On the other hand, the private sector interests with higher education due to function of raising labor force for the market, the sector need to involve in higher education as stakeholder for the quality of the supplied service. On the other hand, the multi-national structure of employment in the MNCs justifies the mobilization of higher education students between countries. It is argued that “international labor markets require the higher education system to deliver graduates with the academic, linguistic and intercultural qualifications that are internationally competitive”

(Qiang, 2003: 254).

The rise of internationalization of labor market for the white-collar workers has reinforced to approaching internationalization of higher education as a subject matter of commodity.

Basically, there are two counter arguments on the role of tertiary education institutions in terms of its relations with economic actors. The first idea sees that the relations may cause them to loss universal objectives resulted in the erosion of its broader universal and humanitarian goals. The opposite idea claims that universities should proceed on economic goals in order to obtain financial sources for innovation studies to which both governments and private sector need (Akşit, 2002).

Ultimately, it seems that the dominance of state on higher education would not be diminished extensively.

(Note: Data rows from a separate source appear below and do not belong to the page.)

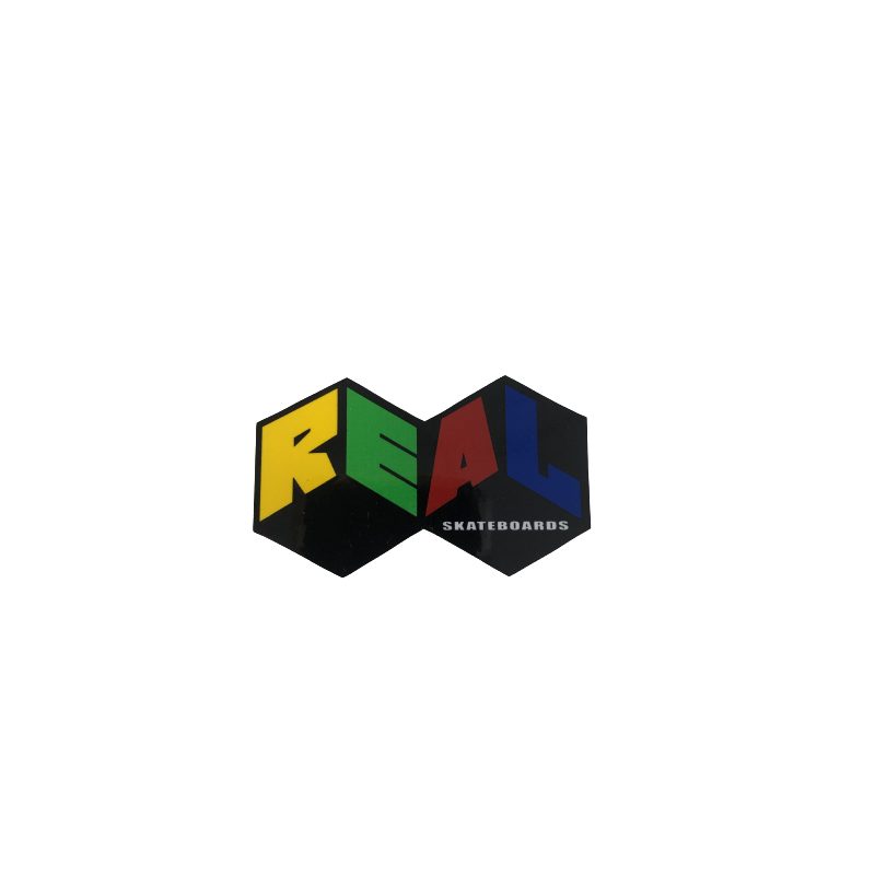 Sticker multicolor de la marque de skateboard REAL. Taille : 7.5cm X 4.5cm
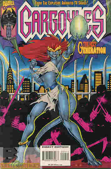 So that group that Demona was hanging out with last issue are part of a Triad group that also happens to be a cult who see Demona as a prophesied “winged one” that will aid in birthing a gargoyle egg. Elisa and Goliath become aware when an overzealous member got one of his people arrested, which he is punished for. As an assassin tries to silence the other guy Goliath comes to the rescue, which convinces the perp to start talking. Meanwhile the assassin tries to not hurt Goliath (as another winged one) but still commits suicide to keep from being caught. Learning what Demona’s plan is they still have to wait to find out where it is, unaware that the ceremony is for hatching the egg. The Gargoyles interfere in the spell and rescue hostages. The leader of the Triad escapes with the egg, and Demona also escapes, everyone else believing the egg was destroyed.
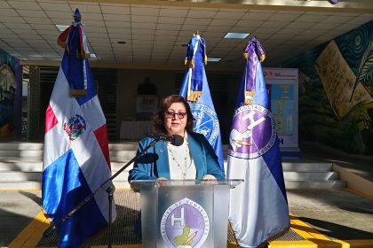 La directora de la Escuela de Letras de la Facultad de Humanidades de la; UASD, maestra Ruth Cuevas de dirige a los presentes en la ofrenda floral en el busto de Pedro Henríquez Ureña. (Foto: UASD) EL...

The strategic role of higher education forces states to manage, regulate and involve.

However, the recent researches showed that (OECDb, 2004: 13) the higher education still is a functional tool for national policies. In this context, it is stated that governments involve in higher education systems to deliver a number of national policy goals for the socio-economic development. These goals include:

• up-skilling the population and life-long learning,

• social inclusion, widening participation, citizenship skills,

• economic development,

• regional policy,

• cultural development and regeneration,

• knowledge-based developments,

• research and development, especially in science, technology and medicine.